FCC Establishes Rules for Voluntary Channel Sharing
On April 27, 2012, the Federal Communications Commission (FCC or Commission) released a Report and Order (R&O) establishing rules for voluntary channel sharing for full power and Class A television stations that will participate in future spectrum incentive auctions. The rules provide a framework for two or more stations to share a single 6 MHz channel while continuing to be separately licensed and without any change in their cable or satellite carriage rights. The Commission characterized the R&O as a "preliminary" step towards repurposing broadcast spectrum for wireless broadband services while noting that "over-the-air broadcast television continues to serve very important public interests." The information that follows supplements our initial Client Alert discussing the R&O.
The R&O provides broadcasters with the "basic ground rules" for entering into channel sharing arrangements. First, only broadcasters participating in incentive auctions will be allowed to enter into channel sharing agreements. The Commission will consider how channel sharing will be applied outside of the incentive auction context in a future proceeding. Second, only full power and Class A stations (as well as some applicants for original construction permits) that hold licenses prior to the commencement of reverse auctions may execute channel sharing agreements. Third, each station must retain adequate spectrum usage rights to provide at least one standard definition program stream at all times. Stations that satisfy these "basic qualifications" will have the flexibility to tailor channel sharing agreements to meet their individual programming and economic needs.

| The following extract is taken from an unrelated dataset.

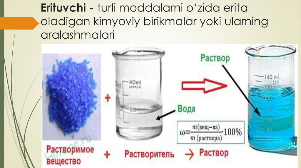 Erituvchi - turli moddalarni o‘zida eritaoladigan kimyoviy birikmalar yoki ularning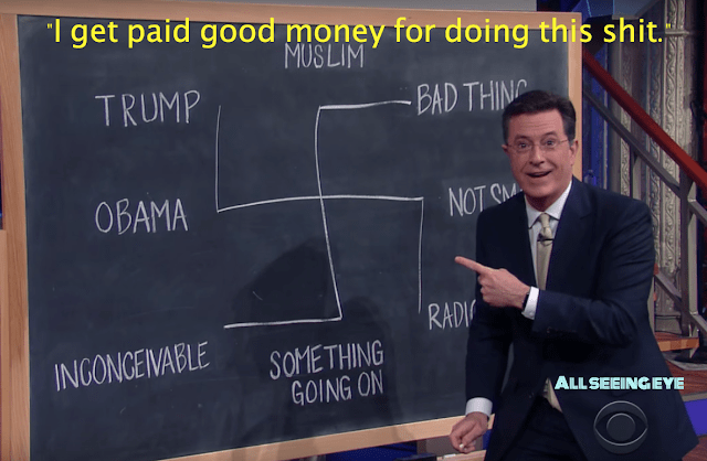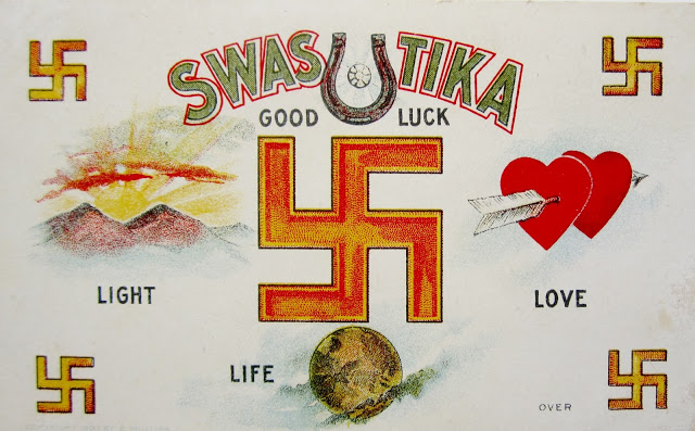 Which brings me to Steve Colbert and his Glen Beck imitation on late night TV where he connected the dots of Trump reasoning and came up with a gammadion cross, an auspicious object or symbol that’s been used as a decorative element in various cultures since at least the Neolithic age. Colbert is probably too nativist and xenophobic to realize that he’s sketching out an ancient symbol that, to his Indian and Buddhist viewers at least, has a very auspicious meaning. NOT what he’s trying to get across – he’s trying to imply that Trump is a Nazi but to do that he would have to rotate his Swastika at a 45 degree angle to mimic the Führer’s design modification adopted by National Socialists when they commandeered this symbol for the greater glory of Germany. A subtle difference to be sure and, as I point out in my comments above, the Colbert’s of this world don’t do subtlety which requires an open knowledge of culture, history and human psychology.

The rules also clarify a number of related issues. First, broadcast licensees electing to channel share will have the same cable and satellite carriage rights that they would have had absent a channel sharing agreement. Second, stations will continue to be licensed and operated separately, have their own call signs and be separately subject to the Commission's rules. Third, full power licensees sharing a channel must continue to provide minimum coverage to their individual community of license; Class A stations do not have a minimum community coverage requirement. The FCC will address whether to allow service losses in a future proceeding. Finally, channel sharing is permissible between commercial and non-commercial educational licensees, as well as between full power and Class A stations.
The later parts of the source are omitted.